Once you’ve been spinning around the planet for more than a few decades you have probably accepted, ruefully or otherwise, that most humans are mixtures of good and evil, and generally somewhere between saints and sinners. After all as an experienced adult you’ve likely made your own share of mistakes or morally dubious decisions.
And if you’re a Christian are you not commanded to judge not lest you be judged and to worry first about the beam in your own eye before criticizing the speck of dust in someone else’s? Indeed so.
But children don’t have the years of experience or wider perspective needed to be sanguine about the moral failings of others, especially not those of their parents. Children tend not to do nuance all that well. Amelia Fletcher is a high school sophomore. Amelia’s father is an insurance executive; her mother is a nurse.
Amelia has had her first boyfriend, though they haven’t done THAT thing yet. And they never will since Amelia just dumped her boyfriend.
Amelia found the young man insufficiently attentive and possibly unfaithful. But Amelia has bigger problems.
Amelia’s father likes to work in the garage on his classic car on hot summer nights. Amelia sleeps with her window open during those times.
And it’s on such a night that Amelia overhears her father on his cell phone whispering naughty words to a woman who is most definitely not Amelia’s mother.
Amelia hacks into her father’s phone and Facebook account and finds evidence of her father’s affair, including pictures that were obviously not meant for a daughter’s eyes.
Feeling betrayed, hurt, disgusted, and above all outraged, Amelia decides to track down her father’s mistress and exact some payback. To this end she recruits her best friends Cassie and Folline. Cassie and Folline have got Amelia’s back. They are, per book title, ride or die friends.
The girls’ plan is to roll up to this homewrecker’s house and f*** things up, including maybe the homewrecker if she’s there. At the very least the girls intend to put sugar in the woman’s vehicle’s gas tank, paint “whore” all over her home, destroy her clothing, you know the normal procedure in these situations.

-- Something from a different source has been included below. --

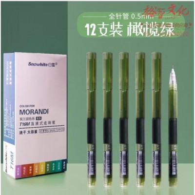 首页 > 办公用品 > 文具 > 白雪(snowhite) T16M盐系莫兰迪色系直液式走珠笔速干0.5mm彩色中性笔学生用ins简约 12支橄榄绿 (zhyghf_23099808)SKU:yzwhyp886137

But it turns out that Amelia and her friends have blindly inserted themselves into a situation which is far beyond anything they could have anticipated. And they will definitely have serious regrets before the night is over. At under 100 pages, this bare bones story was a very quick read. The characters are swiftly but skillfully drawn. This is probably not a book for sensitive people, but I liked it. Much of the book is dialogue instead of description. There’s not a whole lot of character details or character growth. It’s all about what happens on that one night.